Build a Flag Workshop: A Beginner’s Guide to Solving a Reversing challenge from Sunshine CTF
Introduction
Reverse engineering involves analyzing software to understand its components and functionalities without access to its source code. In CTF challenges, reverse engineering tasks often present participants with compiled binaries or decompiled code snippets that they must dissect to reveal hidden flags — secret strings that prove the challenge has been solved.
In the “Build a Flag Workshop” challenge from Sunshine CTF, we were provided with a linux executable elf file. Our mission was to reverse engineer it to construct a valid flag that is Chompy’s favorite flag.
Approaching the challenge, first step recon
First as usual, let’s see what type of file this is to better understand it.
As we can see, a x86–64 Linux executable that is position-independent (PIE) and dynamically linked, meaning it uses shared libraries and supports ASLR (Address Space Layout Randomization). It is also stripped, so it lacks symbol information, making analysis more challenging. For reverse engineering, we’ll need to use tools like Ghidra or IDA Pro that can handle PIE and dynamically linked libraries, employ techniques to bypass or work with ASLR, and rely on disassembly and pattern recognition to understand the program’s functionality without symbolic clues.
strings test
As usual I like to test if there is flag string embedded in the strings of the program, unfortunately that’s not the case here.
Dynamic Analysis
As we can see there are many strings output after running the program which we can use to trace the interesting function that is handling this process. Knowing how this process is working with the pseudo C code given by Ghidra can help us crack this program to get the flag.
Reverse Engineering with Ghidra
Now let’s jump to the interesting part where we will decompile the program with Ghdira and read pseudo C code generated by Ghidra to analyze the program statically to figure out how we can get the flag from it.

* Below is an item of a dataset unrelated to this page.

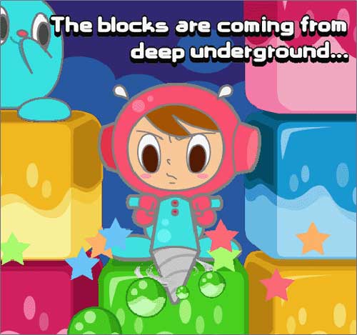 钻地先生NAMCO名作之一,几乎在所有平台推出过( 如街机, PS, DC, GBA, DS, GC...... )游戏规则十分简单,向下挖掘直到抵达终点。玩家控制的Driller虽然能力各异但基本装备都是一把钻子和一颗Air胶囊。四个以上相同颜色的方块连在一起会消失,Air胶囊会随着玩家的每一次钻击而消耗。时间的流逝也会造成Air消耗,当Air消耗殆尽Driller就损失Life一次。每位Driller只有3条命,除了Air耗尽会损命之外,被上方坍塌下来的“砖头”和“土块”砸死也是重要的“伤亡原因”。

The first step for me is to check for all the strings using string search with Ghidra to find if there are any interesting texts such as “flag check”.
As we can see here, using string search feature in Ghidra we were able to locate a string “is Chompy’s favorite flag!….”, this can be used to pin point the address of the string.
As we can see here, it’s 00102060 and this address can be used to check which function made a reference to this address to further analyze which function handles getting Chompy’s favorite flag.
Thus I was able to locate the interesting function FUN_001019c0.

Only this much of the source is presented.